Oireachtas Joint and Select Committees

Wednesday, 25 January 2023

Joint Oireachtas Committee on Health

Electronic Health Records: Discussion

Photo of Róisín ShortallRóisín Shortall (Dublin North West, Social Democrats) | Oireachtas source

The witnesses are welcome. I thank them for coming in. I agree that we have to have the Secretary General of the Department of Health before us to answer for both what that Department is doing and for the position the Department of Public Expenditure and Reform took in 2018. We should aim to do that soon because this is so fundamental to everything else in the health service. The Chair suggested asking the Department of Public Expenditure and Reform for a written response. I propose that we also ask officials to send us a copy of the 2018 letter with its response to the strategy. Reference was made to Richard Corbridge. I remember him well from the health service. He was regarded as quite exceptional in terms of his vision for the future and the need to digitalise the entire health service. He was largely responsible for drawing up that 2015 strategy. Regrettably, after the response from the Department of Public Expenditure and Reform, he just decided to walk away because it was quite clear there was no appetite for this at either a political level or within the two Departments. Nobody was serious about this. We are seeing this over and over again. We saw it just last year when Laura Magahy and Professor Tom Keane walked away because there was no will to modernise the health service or to do those blindingly obvious things that need to be done. Why are they being blocked? We have to get to the root of that. It is no surprise that Richard Corbridge is now in a very senior role with Boots. He had fantastic ability and it is an utter shame that he was driven out of the health service.

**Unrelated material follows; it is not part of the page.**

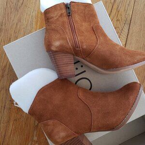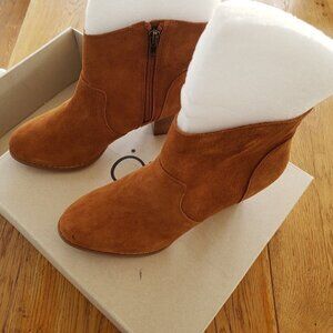 Urban Outfitters Westie Welt Cognac Brown Suede Zippered Heel Ankle Boots SZ 7

As has been referenced, we have to have data-driven policy and decision-making within the health service. We all know the difficulty in accessing data through parliamentary questions. Even when I was in the Department of Health for a short period, I wanted to know where the health and social care staff were, how many we had and where they were employed. It took four or five months for the HSE to be able to give me those data about its own employees. That is the level of need. It is so completely basic. We know nothing about the prevalence of disease around the country and whether there are particular pockets or anything like that. It is fundamental stuff. The idea of the RHAs is that decisions would be taken on the allocation of budgets based on local need within each of those areas but we do not have those data on local need. It takes forever to get any kind of basic profile of different areas. This is critical. The other thing about that is not only having needs-based budget allocation but having accountability for performance. How can that be done unless what the needs are and what the response is can be measured? There is no accountability right down through the system because we cannot measure these basic things. The witnesses have strong support from the committee. We are keen to accelerate those fundamental reforms or at least get them moving.

I ask them to fill us in from a research perspective. We know the huge benefits for patients of an EHR and all the other aspects of that. From a research perspective, what are the huge obstacles to carrying out meaningful research and the data gaps that are there? Maybe they could fill us in on some of those key areas that they cannot properly do because of the lack of data.